Quick-Fire Illustration Exercises

Learn how to optimize your drawing technique by practicing quick and simple illustration exercises, with Manu Montoya
You learn how to draw through practice. So it’s always a good idea to have a range of tricks up your sleeve. The following exercise is perfect for helping you to loosen up. And it shows how fast you can work without having to compromise on quality. It involves setting yourself quick-fire deadlines. You have to try and create the same illustration in ten minutes, then five minutes, and finally in a single minute!
Illustrator and Art Director Manu Montoya (@manumontoya) works for various advertising agencies and in publishing, sharing some of the practice techniques that she's built up over the years, in this tutorial she explains how she uses quick exercises to improve her work every day.
Find out more in the video below!

3 Quick Drawing Exercises
1. Create an illustration in 10 minutes
First, Manu sketches out her character: a jaguar, in red pencil. Having the outline speeds up her process and provides a useful reference. Using red pencil allows her to paint over her sketch, as the lines aren’t too strong and, by using this technique, she can also leave a little of the original sketch peeking through.

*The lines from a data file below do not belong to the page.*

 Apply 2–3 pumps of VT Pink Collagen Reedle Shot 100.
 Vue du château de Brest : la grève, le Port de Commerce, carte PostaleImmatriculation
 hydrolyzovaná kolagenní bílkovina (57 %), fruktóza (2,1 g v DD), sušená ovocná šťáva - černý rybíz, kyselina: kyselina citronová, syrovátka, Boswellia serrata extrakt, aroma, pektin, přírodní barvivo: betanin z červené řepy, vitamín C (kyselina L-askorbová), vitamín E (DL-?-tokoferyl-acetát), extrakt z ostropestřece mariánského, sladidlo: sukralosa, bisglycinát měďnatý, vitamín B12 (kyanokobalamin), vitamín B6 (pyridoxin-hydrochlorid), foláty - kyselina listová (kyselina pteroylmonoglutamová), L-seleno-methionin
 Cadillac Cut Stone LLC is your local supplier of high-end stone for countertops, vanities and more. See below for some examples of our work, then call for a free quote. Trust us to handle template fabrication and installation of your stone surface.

Then Manu uses gouache to paint her jaguar. An illustration technique that's currently very popular, gouache also dries quickly, which works well when you’re speed-painting. She then adds the shadows and other details with oil pastels, colored pencils, and Posca pens once the paint is dry.

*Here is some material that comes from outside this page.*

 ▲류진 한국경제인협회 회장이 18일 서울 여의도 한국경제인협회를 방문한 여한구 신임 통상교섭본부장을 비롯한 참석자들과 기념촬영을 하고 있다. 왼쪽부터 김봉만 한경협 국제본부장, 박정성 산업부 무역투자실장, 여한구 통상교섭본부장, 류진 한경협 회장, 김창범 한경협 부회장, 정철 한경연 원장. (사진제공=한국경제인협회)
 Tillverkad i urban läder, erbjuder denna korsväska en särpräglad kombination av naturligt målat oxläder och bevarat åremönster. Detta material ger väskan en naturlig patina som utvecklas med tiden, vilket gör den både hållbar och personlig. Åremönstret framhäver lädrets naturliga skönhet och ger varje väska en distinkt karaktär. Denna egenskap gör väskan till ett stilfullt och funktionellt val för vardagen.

2. Create the same illustration in 5 minutes
Because Manu now only has five minutes to complete her illustration, she approaches the color loosely, with watercolors. Washes allow you to create a completely different look from line drawing—you just have to remember to work from light to dark. This technique makes the jaguar look more ethereal.
She then uses any remaining time to add in the details. “This process forces me to accept my mistakes,“ explains the artist.

3. Recreate the same illustration in just 1 minute
The third exercise asks you to re-do the same illustration, but this time in only one minute. This forces you to really optimize your process, which makes it best to choose a single material. Manu uses water-soluble crayons, to be able to create both lines and shading.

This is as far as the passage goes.